WHAT YOU HAVE TO DO:
Would you transcribe the listing exactly as it stands, minus any images?

RECORDS SHOWN:
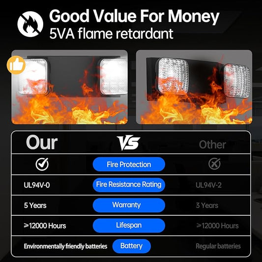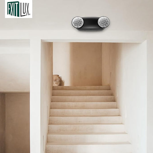 Qllite LED Emergency Light with Battery Backup, LED Commercial Emergency Lighting Fixtures Two Heads Adjustable, UL Listed, AC 120-347V, Energy Efficient for Business Schools Hospitals, Square Black
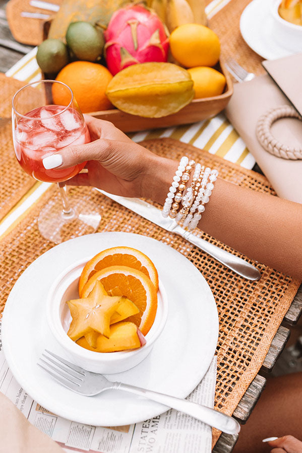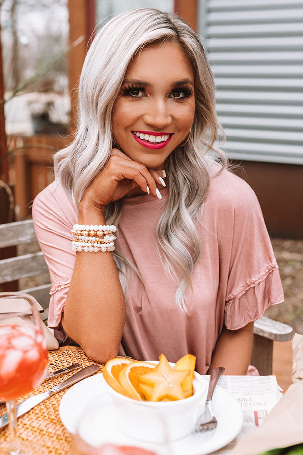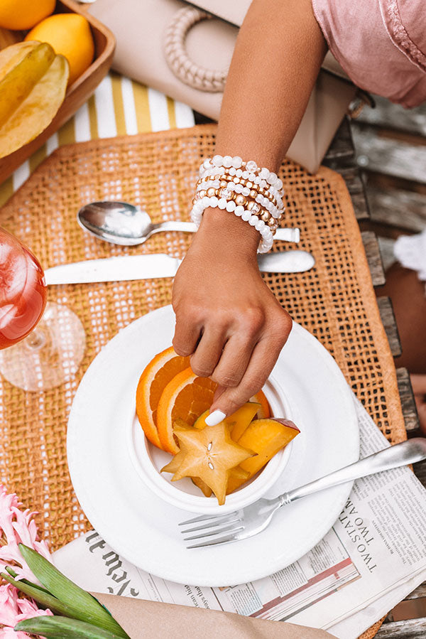 You jewelry style is sure to look beautiful when you accessorize with this adorable bracelet set featuring six pieces with rounded white and gold beads and an elastic fit!
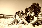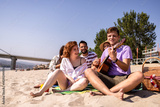 Friends enjoying music and cocktails on the beach
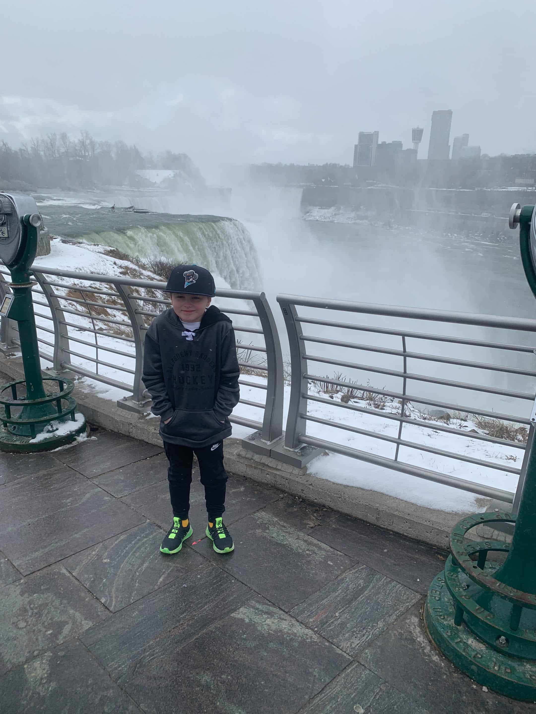 The boys took a freezing hiatus to niagara falls during game breaks.
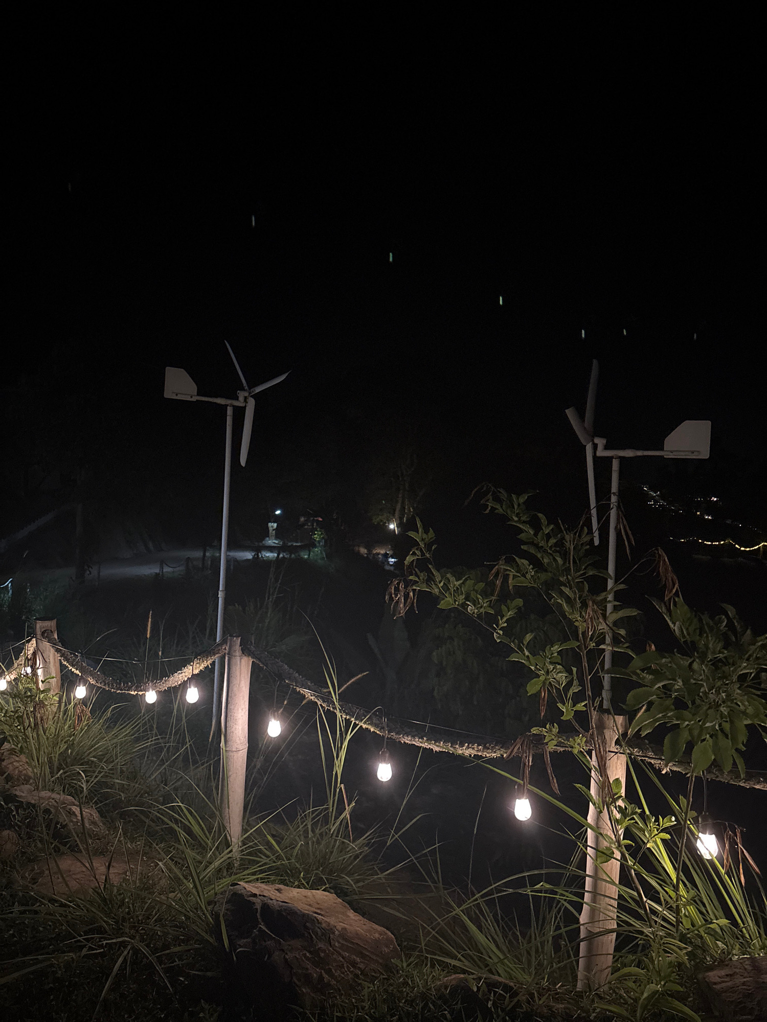 At night in Khlong Khian, Thailand, the scene features vegetation along a water's edge, illuminated by string lights. Two small, white wind turbines are visible along the shoreline. The background is…read more

EXPECTED ANSWER:
 Qllite LED Emergency Light with Battery Backup, LED Commercial Emergency Lighting Fixtures Two Heads Adjustable, UL Listed, AC 120-347V, Energy Efficient for Business Schools Hospitals, Square Black
 You jewelry style is sure to look beautiful when you accessorize with this adorable bracelet set featuring six pieces with rounded white and gold beads and an elastic fit!
 Friends enjoying music and cocktails on the beach
 The boys took a freezing hiatus to niagara falls during game breaks.
 At night in Khlong Khian, Thailand, the scene features vegetation along a water's edge, illuminated by string lights. Two small, white wind turbines are visible along the shoreline. The background is…read more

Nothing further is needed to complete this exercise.